Я в увольнение не пошел, и никто на этом уже не настаивал. Нес вахту и за себя, и за ребят, что ушли. Да и какая сейчас вахта – стоим, работы нет, топливо приняли еще вчера, продуктами тоже загрузились. По приходу капитана предстояла торжественная раздача презента – того, чем лично от себя, неофициально, капитан одаривал команду. Третий штурман сказал своим людям, и команда уже знала, сколько чего приходится на судовую душу, и жила в ожидании вечера, когда на нас, как из рога изобилия, посыплются ананасы, растворимый кофе, кокосы и жевательная резинка. Количество было таким внушительным, что как-то неловко, казалось, это неофициальное брать, какой-то душок от него шел нечистый. Да и, по совести, мне, наверное, из презента ничего не причитается, не заслужил.
Старший, воодушевленный разговорами, подошел ко мне:
– Какой бы он ни был, а видишь, как о команде печется. Валюты дал под завязку и еще это.
В интонации его пробивался упрек, мол, такой он хороший, а ты выступаешь.
– Да нет, я не против, хороший капитан, заботливый.
Старший посмотрел на меня осуждающе и вроде бы отодвинулся. Выглядел он посвежевшим, удовлетворенным, и я понял, что дорожки наши окончательно разбежались. Он стал перечислять презент с такой тщательностью, словно бы уже закладывал эти дары в каютный холодильник. И мне представилось, как в рейсе он будет открывать его и время от времени любоваться на яркие банки и тропические плоды, возмещая этим свою недавнюю работу в тоннеле труб и былое унижение; и как в сохранности довезет все до берега, а дома у него дочка с сыном и жена станут лакомиться заморскими яствами, не зная, какой ценой за это плачено, и будут распространять вокруг себя специфический, стойкий запах дефицита.
– Ладно, не вешай носа, – ободряюще улыбнулся мне старший.
Я видел, какой груз свалился с его плеч, и тоже ему улыбнулся.
– Да нет, я правда, доволен.
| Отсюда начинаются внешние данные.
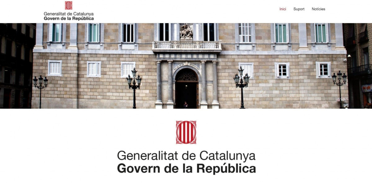 En la nueva página aparece el logo oficial del Govern con el nombre Generalitat de Catalunya. Govern de la República, y se recoge el mismo mensaje que aparecía en la anterior, que es que la asociación de juristas Drets "dará cobertura legal a la Oficina del Govern legítimo de Catalunya".
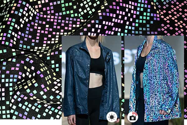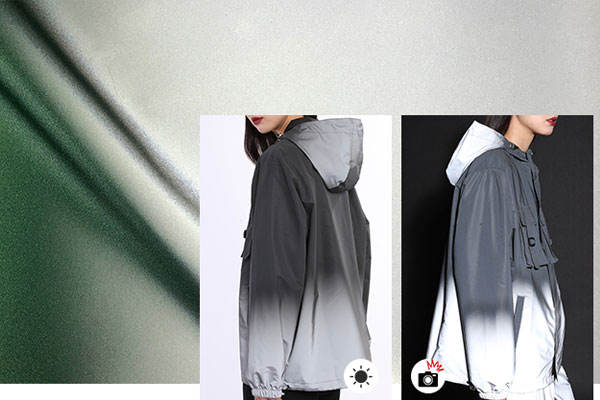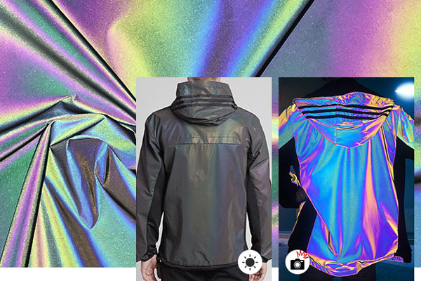 而隨著工藝技術的不斷創新,星華反光布的反光效果已不再是最初單一的銀灰色反光形式,七彩反光、印花反光、漸變雙色反光、彩色反光、夜光反光等多種新型反光布料應運而生。這些五彩繽紛的面料更加適合于在日常服飾、箱包、鞋帽設計上使用。無論是作為服裝的大身面料,還是作為鞋帽的包邊,或者是室內的背景布,反光面料都能讓原本平淡的設計增添更多的色彩變幻,打破常規,與眾不同。

Мне теперь лучше.
Я не лукавил, раньше я словно под колпаком был, все боялся голову поднять, чтобы шишек не насадить. И вот лопнул он посередине, раскололся, как орех, и открыл простор и независимость. Ничто меня не угнетало, не настораживало. Можно было не бояться мелких пакостей и нечаянных проколов. Конечно, неприятный осадок остался, но я старался не думать. Меня больше конкретные дела сейчас интересовали: кто идет нам навстречу и когда состоится пересадка. На это никто мне не мог ответить.
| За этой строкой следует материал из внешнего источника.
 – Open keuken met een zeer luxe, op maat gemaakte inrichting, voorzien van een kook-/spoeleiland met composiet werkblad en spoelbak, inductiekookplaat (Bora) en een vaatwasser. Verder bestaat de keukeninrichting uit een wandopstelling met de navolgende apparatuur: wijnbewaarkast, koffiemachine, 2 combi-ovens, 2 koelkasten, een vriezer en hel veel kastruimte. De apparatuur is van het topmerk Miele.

С самого утра я чувствовал, что отношение ко мне переменилось и появление мое на людных перекрестках уже не вызывало прежней напряженности. Ребята сами со мной заговаривали, делились впечатлениями о городе, о пляже – кто-то все-таки прорвался на пляж – о покупках рассказывали. Какое-то сочувствие в них прорезалось, нормальная свойская интонация, будто без купола, напрямую со мной общались, и я стал им ближе.
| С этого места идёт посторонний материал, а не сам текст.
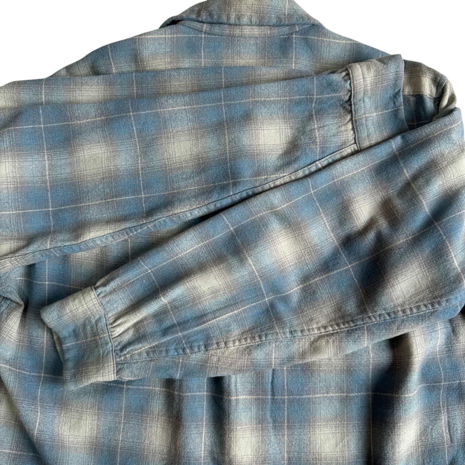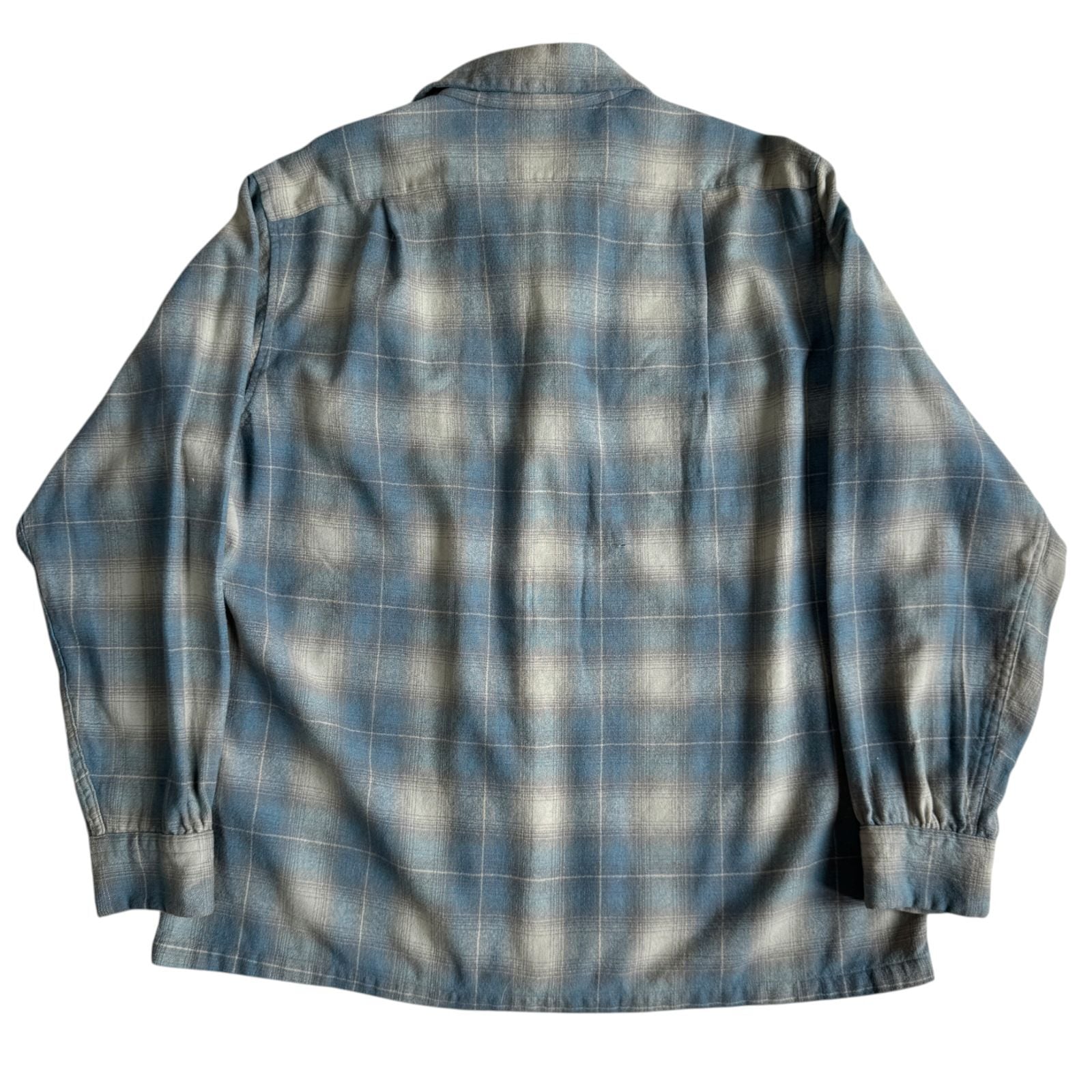 70s Pendleton ペンドルトン ボードシャツ BoardShirt Lサイズ オンブレチェック ブルー グレー シャドーチェック Vintage ヴィンテージ オープンカラー 開襟 60年代 70年代 ウールシャツ

Лялька в салоне ходила от раздаточной к столикам, разносила вторые и щедро разбрасывала улыбки. Она цвела под взглядами парней, внимание ее вдохновляло, она громко, заливисто смеялась шуткам. Видно было, что она понимает устремленные на нее взгляды и это ей нравится, веселит ее, а может, и смешит.
Мой приход отвлек от нее всеобщее внимание. Я успел перехватить пару взглядов, еще ей адресованных, и тоже готов был рассмеяться – до чего же у нас, мужиков, все на морде написано.
Боцман кивнул мне на соседний стул, приглашая приземлиться, но я сел, как положено, за свой «механический», и принялся за трапезу.
Разговор крутился вокруг Лас-Пальмаса. Я молчал, не принимая в нем участия, но парней это вроде бы не устраивало, возражений моих не хватало, и слово за слово, они сами меньше начинали хвалить этот благодатный Пальмас, вспоминали, кого на сколько надули, где залежалый товар подсунули, грязь и тесноту на улицах, срамоту и алчность самих себя.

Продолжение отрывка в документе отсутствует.